• _WHAT YOU WILL DO_: Exclude the pictures, then repeat exactly each line from the one containing "- 民藝の極致、見事な筆の流れ中国明代 民窯の豪快、力強さを感じる壺" to the final line of the records that follow.

• _PROVIDED RECORDS_:
────
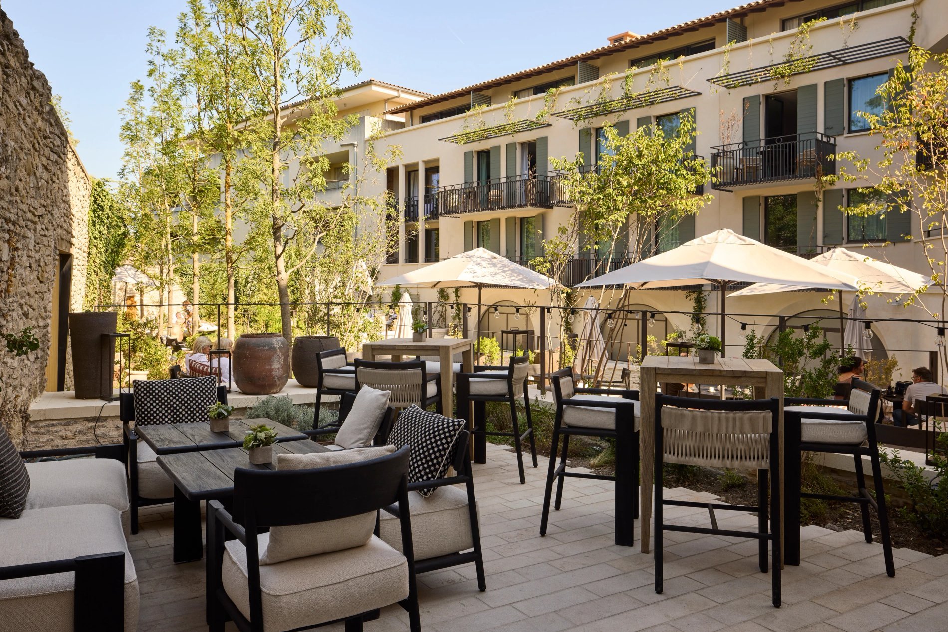 Ce bel espace extérieur, ombragé et élégant, est parfait pour souffler entre deux sessions de travail.
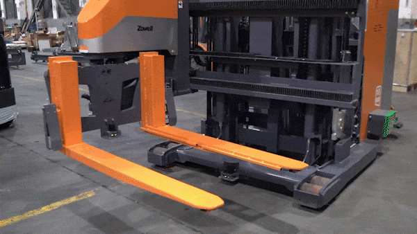 同时,这批三向AGV搭载了三向电动叉头,仅需不到10s就能在堆垛巷道内完成货叉180°旋转换向,成倍提升整体存取效率。
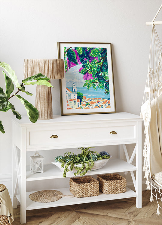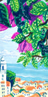 A living tribute to Lisbon: sun-drenched facades, flowers in the windows and a multitude of colorful houses that gradually fall towards the blue sea. The free brushstrokes and the impressionistic mood capture the city's pulsating energy. Overlooking hills and rooftops, bathed in warm colors. Created by Pauline Wegman | Key and Sea Creative.
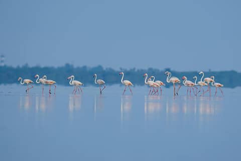 A flock of pink flamingos resting gracefully under the bright sun with vivid plumage.
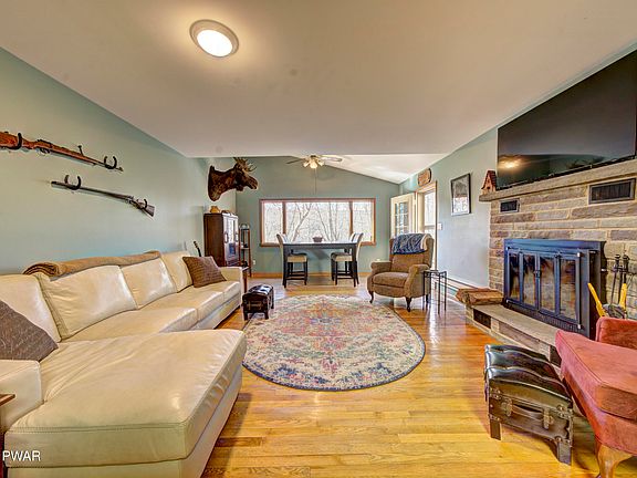 Enjoy seasonal river views of the Wallenpaupack River from this absolutely gorgeous cabin included with a 2nd parcel, in the heart of the Pocono Mountains! Escape to this private, 2 bedroom, 2 bath rustic home with modern touches and lake-rights to Lake Wallenpaupack. The interior features a full finished lower level with walkout access, open living/dining combo with gorgeous seasonal water views from the picture window, a potbelly wood-burning fireplace in the lower level, paved driveway, and maintenance free composite decking. Enjoy boating on Lake Wallenpaupack, and fishing the Wallenpaupack River (just 300 feet from your front door) by day, and retreat back to your cabin to roast marshmallows by the fire in the evening! This lake-right home resides in Indian Rocks community with beach area on Lake Wallenpaupack, private swimming pool, fitness center, clubhouse, 24-hour public safety, community water system, outdoor recreation courts and more!
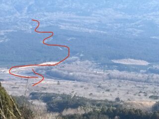 「この赤丸部分に大沢遊砂地があります」
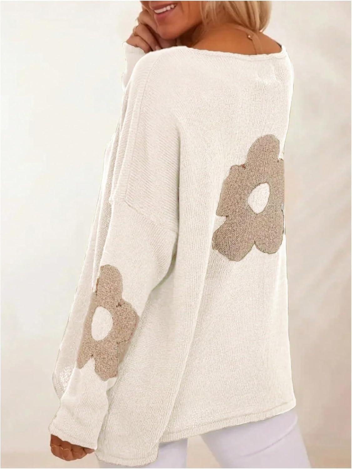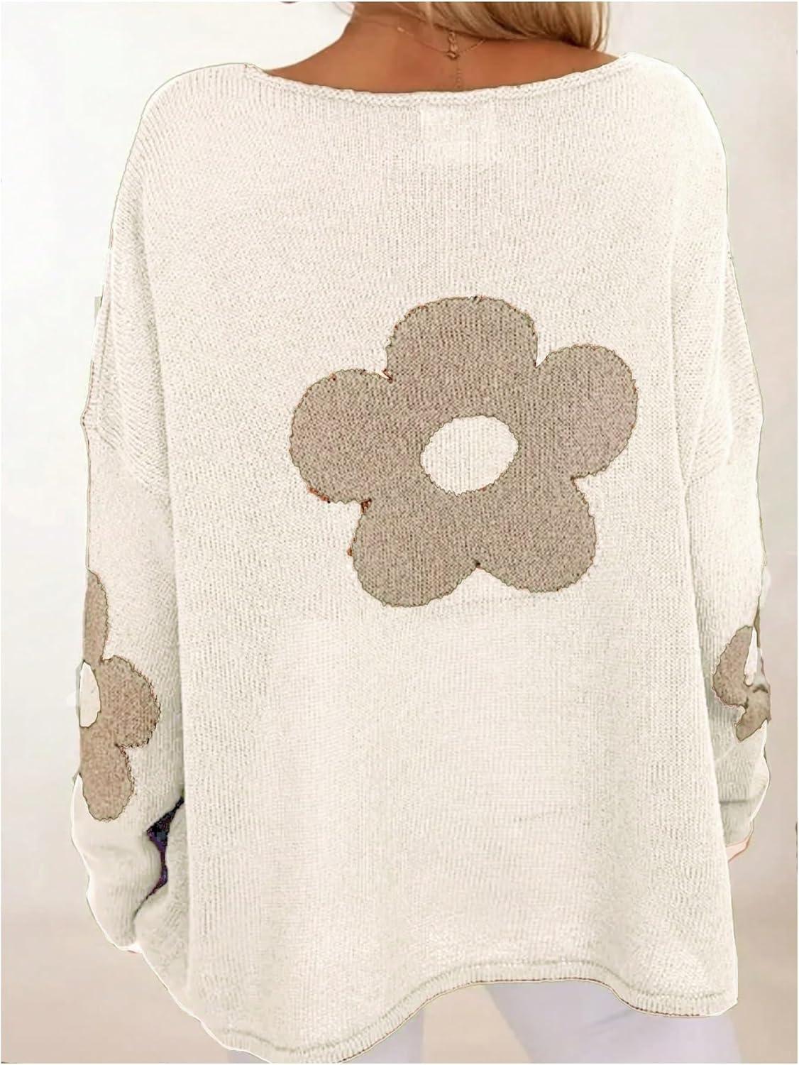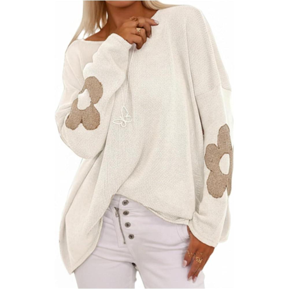 SOLY HUX Women’s Plus Size Floral Sweater Long Sleeve Oversized Fall Knit Pullover Tops(White Floral)
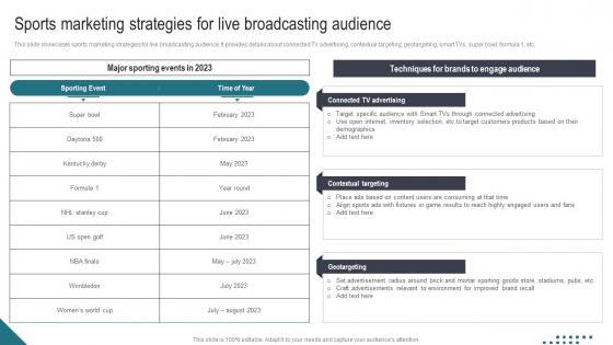 This slide showcases sports marketing strategies for live broadcasting audience. It provides details about connected TV advertising, contextual targeting, geotargeting, smart TVs, super bowl, formula 1, etc. Get a simple yet stunning designed Sports Marketing Strategies For Live Athletic Activities Advertising Program Download Pdf. It is the best one to establish the tone in your meetings. It is an excellent way to make your presentations highly effective. So, download this PPT today from Slidegeeks and see the positive impacts. Our easy-to-edit Sports Marketing Strategies For Live Athletic Activities Advertising Program Download Pdf can be your go-to option for all upcoming conferences and meetings. So, what are you waiting for Grab this template today. This slide showcases sports marketing strategies for live broadcasting audience. It provides details about connected TV advertising, contextual targeting, geotargeting, smart TVs, super bowl, formula 1, etc.
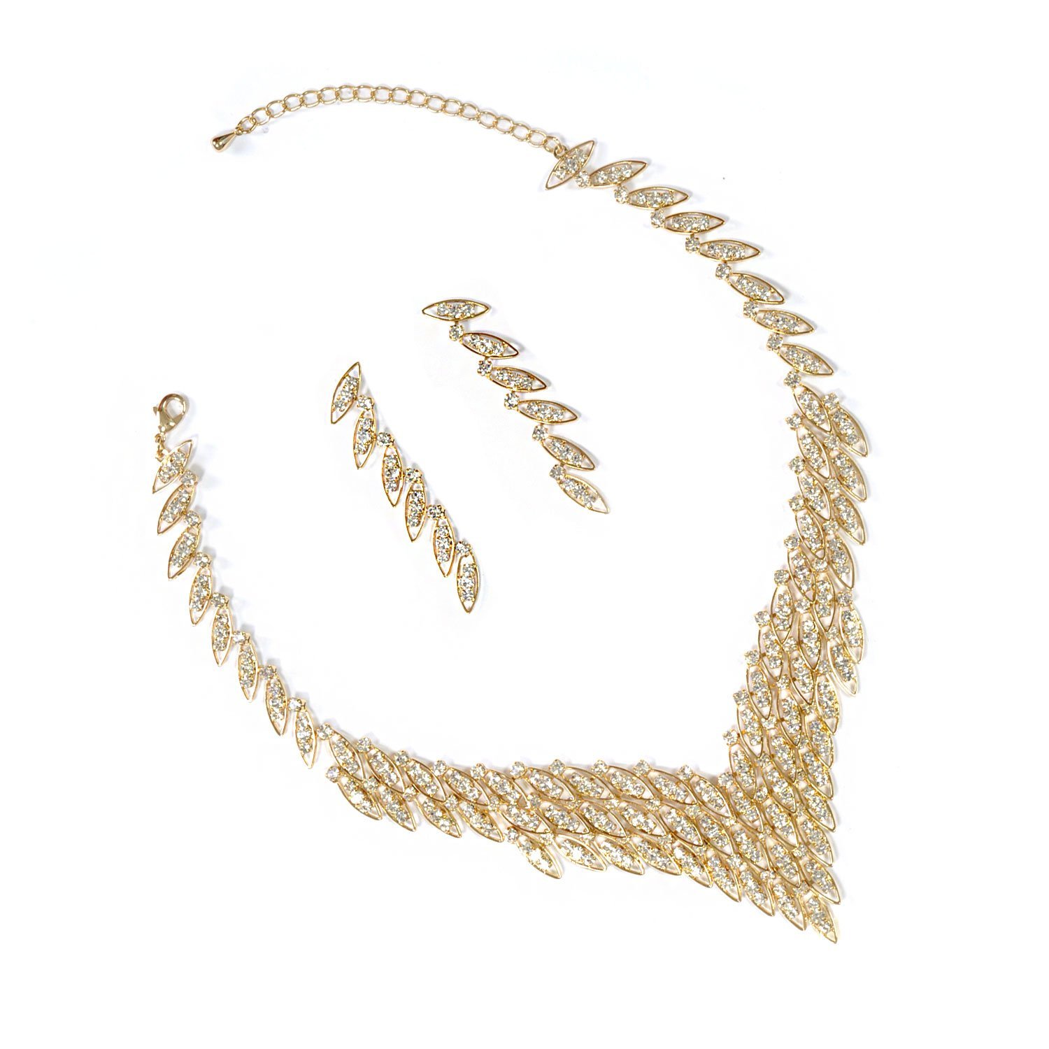 Why wait? Add a little pizzazz to your wardrobe with our (71781-200) Gold Crystal Rhinestone 3 Rows V Shape Necklace And Matching Dangle Earrings Jewelry Set today!
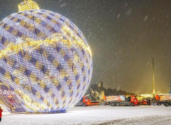 Москва готовится к Новому году: на Поклонной горе появился елочный шар
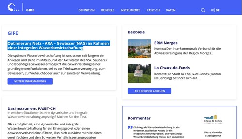 Ziel des Projektes war auch, die gewonnen Erkenntnisse der Branche verfügbar zu machen und Hilfsmittel zu entwickeln, welche künftig eine integrierte Wasserbewirtschaftung erleichtern. Die konkreten Anwendungsbeispiele der Städte Morges (VD), La Chaux-de-Fonds (NE), Lugano (TI), Hochdorf (LU) sowie Steinach (SG) wurden analysiert und ausgewertet und sind nun auf der Website gire.ch in Deutsch und Französisch einsehbar.
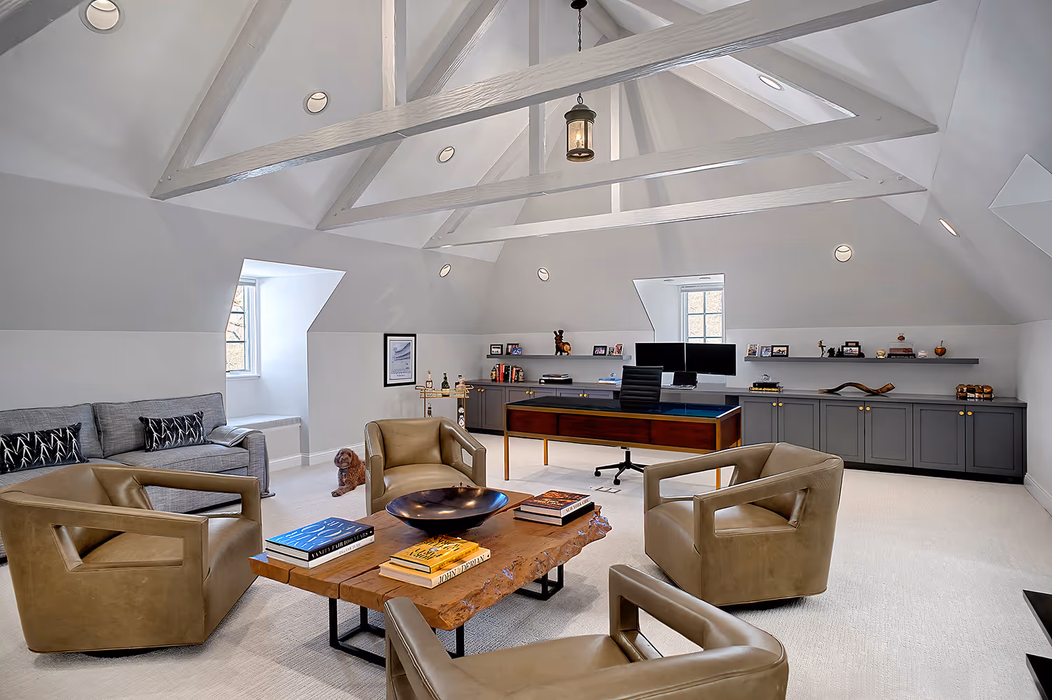 Breathtakingly unique custom furnishings were crafted to complement the home’s scale and character, each bespoke piece designed to reflect the family’s refined yet cutting edge sensibility.
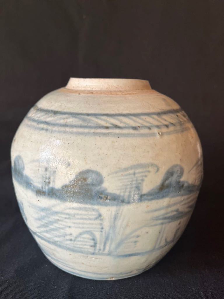 - 民藝の極致、見事な筆の流れ中国明代 民窯の豪快、力強さを感じる壺 川の流れ、浮かぶ舟、釣り人、背景の山水が何とも良い
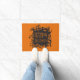 Um tapete de porta mostrado com fundo preto e um impressão de Feliz Halloween. Personalize este tapete ou comprar como está.
────
• _EXERCISE OUTPUT_:
 - 民藝の極致、見事な筆の流れ中国明代 民窯の豪快、力強さを感じる壺 川の流れ、浮かぶ舟、釣り人、背景の山水が何とも良い
 Um tapete de porta mostrado com fundo preto e um impressão de Feliz Halloween. Personalize este tapete ou comprar como está.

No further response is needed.